The BINGO project: Cosmological constraints from simulated HI intensity maps

Detalhes bibliográficos
Ano de defesa: 2021
Autor(a) principal: Motta, Pablo Cesar Benevides de Carvalho Rossas
Orientador(a): Não Informado pela instituição
Banca de defesa: Não Informado pela instituição
Tipo de documento: Dissertação
Tipo de acesso: Acesso aberto
Idioma: eng
Instituição de defesa: Biblioteca Digitais de Teses e Dissertações da USP
Programa de Pós-Graduação: Não Informado pela instituição
Departamento: Não Informado pela instituição
País: Não Informado pela instituição
Palavras-chave em Português:
HI.
Link de acesso: https://www.teses.usp.br/teses/disponiveis/43/43134/tde-02092021-133803/
Resumo: One of the main cosmological challenges today is to explain dark energy. A recent project which aims to understand dark energy properties is BINGO (Baryon Acoustic Oscillations from Integrated Neutral Gas Observation). BINGO is an IM instrument designed to measure BAO in the radio band, in the frequency range of 980MHz - 1260MHz ( 0.13 < z < 0.45 ), through the measurement of the 21cm line of emission.
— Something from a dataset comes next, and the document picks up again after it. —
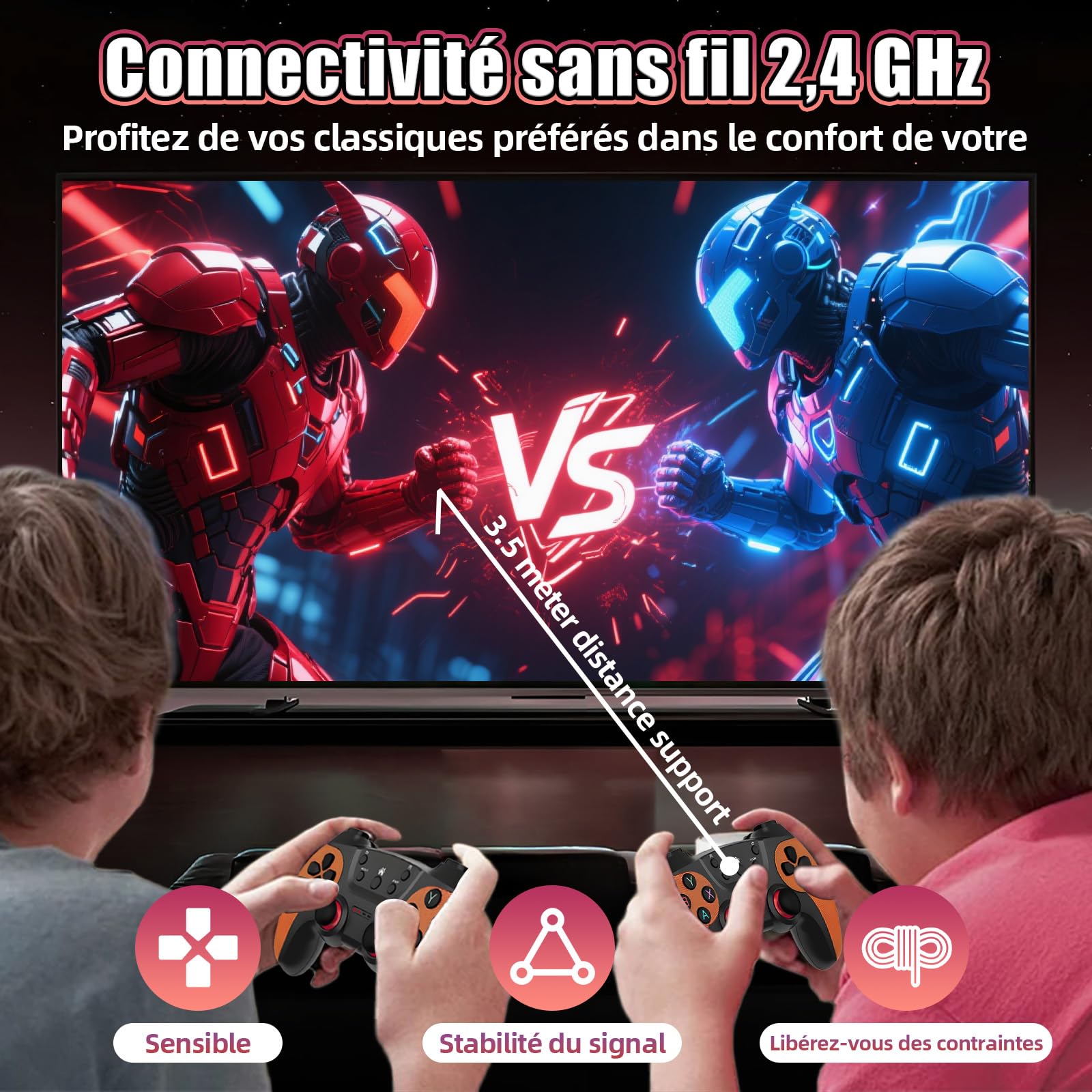 Règles d'utilisation : utilisez les boutons directionnels pour sélectionner les jeux dans le menu des jeux et appuyez sur le bouton START/A pour y accéder ; appuyez sur le bouton B dans la liste des jeux pour revenir à la page d'accueil ; appuyez simultanément sur les boutons SELECT+START pendant le jeu pour afficher le menu permettant de mettre en pause, d'enregistrer, de charger ou de quitter ; Remarques et entretien Limitation du système : cette console de jeux portable dispose de jeux intégrés et ne permet pas aux utilisateurs de modifier, mettre à jour ou actualiser le système eux-mêmes afin d'éviter tout dysfonctionnement de la manette de jeu causé par des opérations incorrectes ; Même avec plusieurs programmes chargés simultanément, elle évite les ralentissements causés par une mémoire insuffisante Que ce soit pour lancer des applications ou traiter des données, elle offre des performances fluides et stables, sans ralentissement. 20000+ Jeux & Gestion pratique des jeux & Extension de stockage ultra-large : Cette console rétro est préchargée avec plus de 20 000 jeux classiques, vous permettant de jouer instantanément sans téléchargement. 1. Console de jeu M9 : 1. Prise en charge de plus de 40 émulateurs : jeux rétro de grande envergure, entièrement compatible avec PSP/N64/NDS/DC/PS1 et autres jeux grand public, classiques, rétro, sports, combats, jeux de scène, etc. 2. Sortie HDMI haute définition : prise en charge de la sortie haute définition 4K, jusqu'à 60 ips, haute définition 2.1D, résolution 1280 x 720. Le... Liste Des Émulateurs GBA: Revivez Les Classiques Du Gaming De plus, avec 256 Mo de mémoire DDRIII, elle accélère considérablement les vitesses d'accès aux données pour des réponses plus rapides aux commandes du système. REMARQUE : les consoles de jeux avec jeux intégrés ne permettent pas aux utilisateurs de modifier ou de mettre à jour le système eux-mêmes, ni de rafraîchir le système., 1., Utilisez les boutons directionnels pour sélectionner le menu du jeu, puis appuyez sur le bouton START/A pour entrer dans le jeu., 2., Appuyez sur le bouton B dans la liste des jeux pour revenir à la page d'accueil., 3., Appuyez simultanément sur les boutons SELECT/START pendant le jeu pour afficher le menu du jeu, où les utilisateurs peuvent mettre en pause, enregistrer, charger ou quitter le jeu Sortie HD 4K & prise en charge de 23 langues : Cette manette rétro se connecte à un téléviseur, moniteur ou projecteur via un port HD, avec réglage flexible entre les résolutions 4K, 1080p et 720p pour des images nettes et détaillées. Processeur quadricœur haute efficacité & mémoire système haute vitesse : Cette console rétro est équipée d'un processeur quadricœur Cortex-A7 (vitesse d'horloge jusqu'à 1,2 GHz), capable de gérer sans effort les opérations multitâches. Jeux Classiques Nintendo Sega PlayStation M9 Console De Jeu Rétro Retro Game Stick,20000+ Jeux,15+ émulateurs,Sortie 4K HD 1080P,Console De Jeux Portable Avec Double Manette Sans Fil 2,4G, Console De Jeux Vidéo Pour TV (64G Console Android Vivez la nostalgie et l'excitation avec notre nouvelle console de jeu vidéo Retro M9. Disponible en deux versions spectaculaires : une avec 5,000 20,000 jeux et une autre avec 9 XNUMX jeux intégrés et XNUMX émulateurs, cette console est un hommage à l'âge d'or du jeu vidéo Elle prend également en charge la recherche de jeux, l'ajout aux favoris et la sauvegarde de progression, vous aidant à trouver rapidement vos préférés et à éviter les opérations répétitives. Facile à utiliser et adaptée aux scénarios multijoueurs, elle constitue un choix idéal pour les amateurs de jeux rétro, que ce soit comme outil de loisirs familial ou comme cadeau de Noël. De plus, elle supporte une extension de carte TF jusqu'à 128 Go, pour ajouter librement plus de jeux et fichiers et pallier les problèmes de stockage La console de jeux vidéo rétro M9 est un appareil de divertissement intégrant « plus de 20 000 jeux classiques, 15 émulateurs, une sortie 4K HD et deux manettes sans fil 2,4 GHz ». Manette de jeu M9 *1, Manuel d'utilisation *1, Câble USB *1, Récepteur USB *1, Carte TF * 1 Grâce à sa conception ergonomique, elle garantit un confort de jeu prolongé sans fatigue et permet un contrôle précis de chaque action du jeu

The optical configuration consists of two static dishes of ~40m of diameter and 28 feed horns disposed in a configuration called Double-Rectangular arrangement. In this work, we use the nested sampling Monte Carlo method to study cosmological constraints in BINGO. Since BINGO has not released any real data yet, we use some recently published HIR4 mocks of the HI Intensity Mapping signal. The technique requires the use of objects such as the mixing matrix, which mainly contains information on the BINGO observation area, and the covariance matrix, that relates to the statistical uncertainties. We provide a large discussion on these topics, as well as on the angular power spectrum formalism. The covariance matrix is computed through FLASK lognormal simulations, and we compare it to a theoretical model. We do not take into account any noise or foreground removal. We placed constraints separately on three redshift bins (from a total of 30) over the BINGO range, and we combined them through a Planck likelihood. We have successfully recovered the fiducial parameters, so our results seem to validate the HIR4 mocks. The next step will be to extend this analysis to the 30 BINGO bins all together. This task involves a high computational cost, so a large computer cluster is required.